- RECORDS SUPPLIED:
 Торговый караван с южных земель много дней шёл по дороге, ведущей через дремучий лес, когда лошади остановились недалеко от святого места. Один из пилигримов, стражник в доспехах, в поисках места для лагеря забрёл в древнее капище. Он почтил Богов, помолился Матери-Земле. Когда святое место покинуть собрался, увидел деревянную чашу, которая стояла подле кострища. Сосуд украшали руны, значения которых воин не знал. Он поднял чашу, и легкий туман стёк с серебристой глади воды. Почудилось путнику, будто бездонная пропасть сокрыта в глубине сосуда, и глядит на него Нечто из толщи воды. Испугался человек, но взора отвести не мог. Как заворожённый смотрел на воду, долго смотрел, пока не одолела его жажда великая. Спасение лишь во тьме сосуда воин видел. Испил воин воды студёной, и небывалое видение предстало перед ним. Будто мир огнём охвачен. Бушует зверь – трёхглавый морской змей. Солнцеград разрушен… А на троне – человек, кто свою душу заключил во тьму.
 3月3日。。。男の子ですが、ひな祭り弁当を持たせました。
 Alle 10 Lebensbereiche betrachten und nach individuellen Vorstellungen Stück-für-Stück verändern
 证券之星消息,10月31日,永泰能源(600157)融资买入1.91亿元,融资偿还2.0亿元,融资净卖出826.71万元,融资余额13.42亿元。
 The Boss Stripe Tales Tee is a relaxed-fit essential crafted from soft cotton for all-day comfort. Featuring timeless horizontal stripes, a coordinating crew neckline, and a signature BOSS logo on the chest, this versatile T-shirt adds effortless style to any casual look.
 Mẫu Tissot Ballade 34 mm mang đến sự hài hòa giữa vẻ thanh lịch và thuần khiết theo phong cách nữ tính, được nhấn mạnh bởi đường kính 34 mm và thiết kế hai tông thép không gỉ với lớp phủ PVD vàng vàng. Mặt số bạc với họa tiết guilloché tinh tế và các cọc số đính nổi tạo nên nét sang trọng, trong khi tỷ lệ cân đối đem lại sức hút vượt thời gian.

==

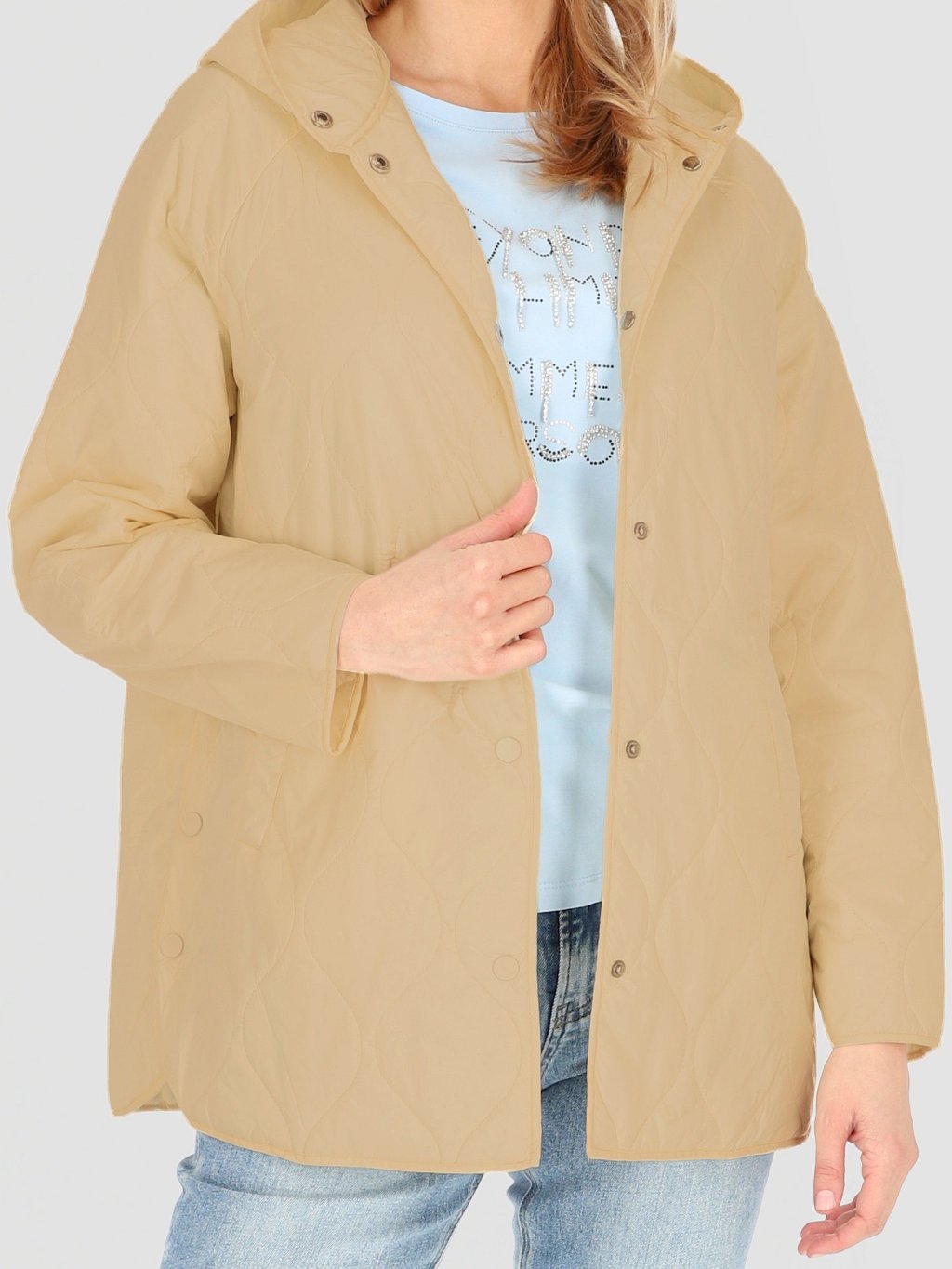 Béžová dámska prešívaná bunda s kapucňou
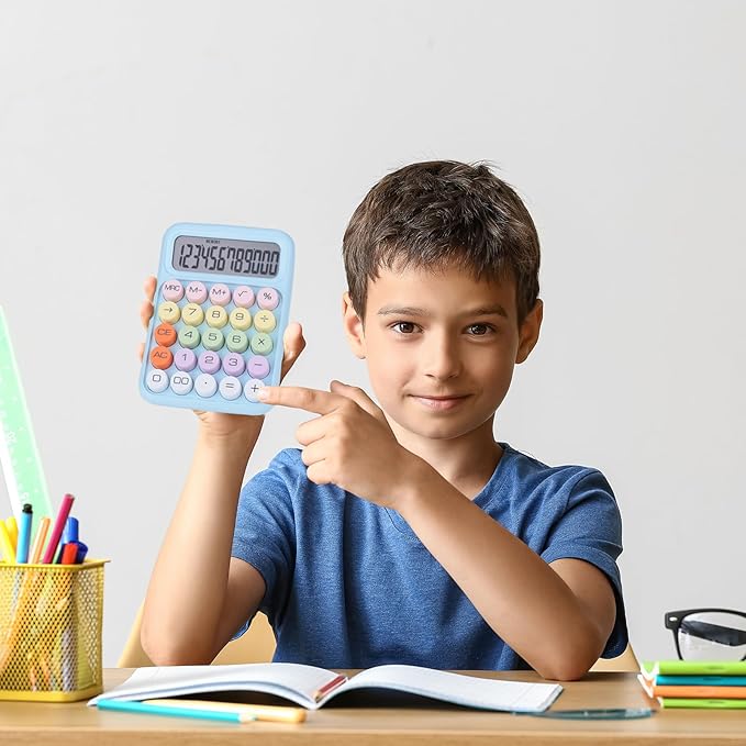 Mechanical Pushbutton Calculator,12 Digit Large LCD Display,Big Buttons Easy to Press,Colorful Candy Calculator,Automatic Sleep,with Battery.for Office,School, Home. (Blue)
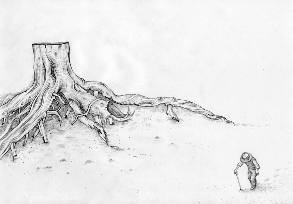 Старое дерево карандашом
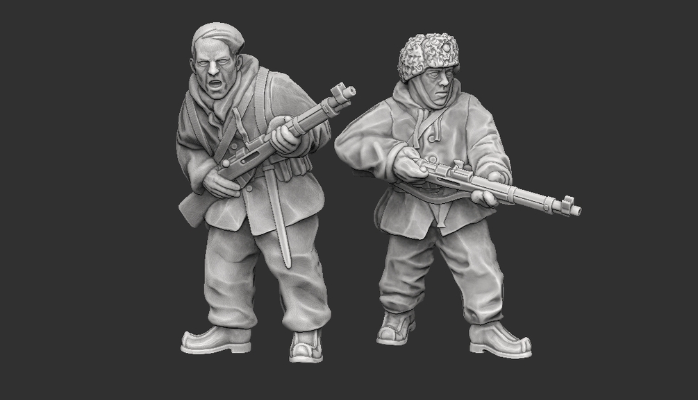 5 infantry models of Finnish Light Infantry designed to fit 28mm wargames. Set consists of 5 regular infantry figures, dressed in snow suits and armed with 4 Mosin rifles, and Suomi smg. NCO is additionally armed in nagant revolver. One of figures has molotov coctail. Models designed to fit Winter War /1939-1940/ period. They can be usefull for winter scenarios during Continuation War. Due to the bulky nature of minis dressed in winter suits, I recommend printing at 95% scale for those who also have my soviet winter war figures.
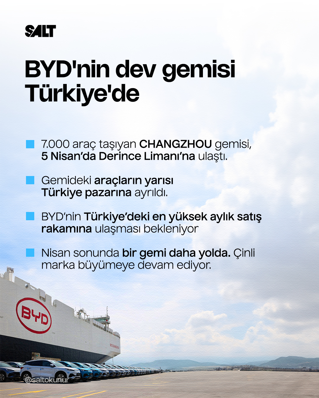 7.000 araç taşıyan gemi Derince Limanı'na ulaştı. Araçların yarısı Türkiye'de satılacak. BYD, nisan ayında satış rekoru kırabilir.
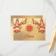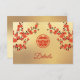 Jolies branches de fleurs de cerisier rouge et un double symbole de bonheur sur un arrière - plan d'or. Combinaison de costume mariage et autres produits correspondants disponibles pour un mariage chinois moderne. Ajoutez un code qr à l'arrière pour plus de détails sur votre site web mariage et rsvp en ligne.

- TASK REQUIREMENTS:
In the listing above, locate the line containing "Торговый караван с" and the line containing "The Boss Stripe". Extract those two lines and every line between them, exactly as written, and only those.

- SOLUTION TO THIS PROBLEM:
 Торговый караван с южных земель много дней шёл по дороге, ведущей через дремучий лес, когда лошади остановились недалеко от святого места. Один из пилигримов, стражник в доспехах, в поисках места для лагеря забрёл в древнее капище. Он почтил Богов, помолился Матери-Земле. Когда святое место покинуть собрался, увидел деревянную чашу, которая стояла подле кострища. Сосуд украшали руны, значения которых воин не знал. Он поднял чашу, и легкий туман стёк с серебристой глади воды. Почудилось путнику, будто бездонная пропасть сокрыта в глубине сосуда, и глядит на него Нечто из толщи воды. Испугался человек, но взора отвести не мог. Как заворожённый смотрел на воду, долго смотрел, пока не одолела его жажда великая. Спасение лишь во тьме сосуда воин видел. Испил воин воды студёной, и небывалое видение предстало перед ним. Будто мир огнём охвачен. Бушует зверь – трёхглавый морской змей. Солнцеград разрушен… А на троне – человек, кто свою душу заключил во тьму.
 3月3日。。。男の子ですが、ひな祭り弁当を持たせました。
 Alle 10 Lebensbereiche betrachten und nach individuellen Vorstellungen Stück-für-Stück verändern
 证券之星消息,10月31日,永泰能源(600157)融资买入1.91亿元,融资偿还2.0亿元,融资净卖出826.71万元,融资余额13.42亿元。
 The Boss Stripe Tales Tee is a relaxed-fit essential crafted from soft cotton for all-day comfort. Featuring timeless horizontal stripes, a coordinating crew neckline, and a signature BOSS logo on the chest, this versatile T-shirt adds effortless style to any casual look.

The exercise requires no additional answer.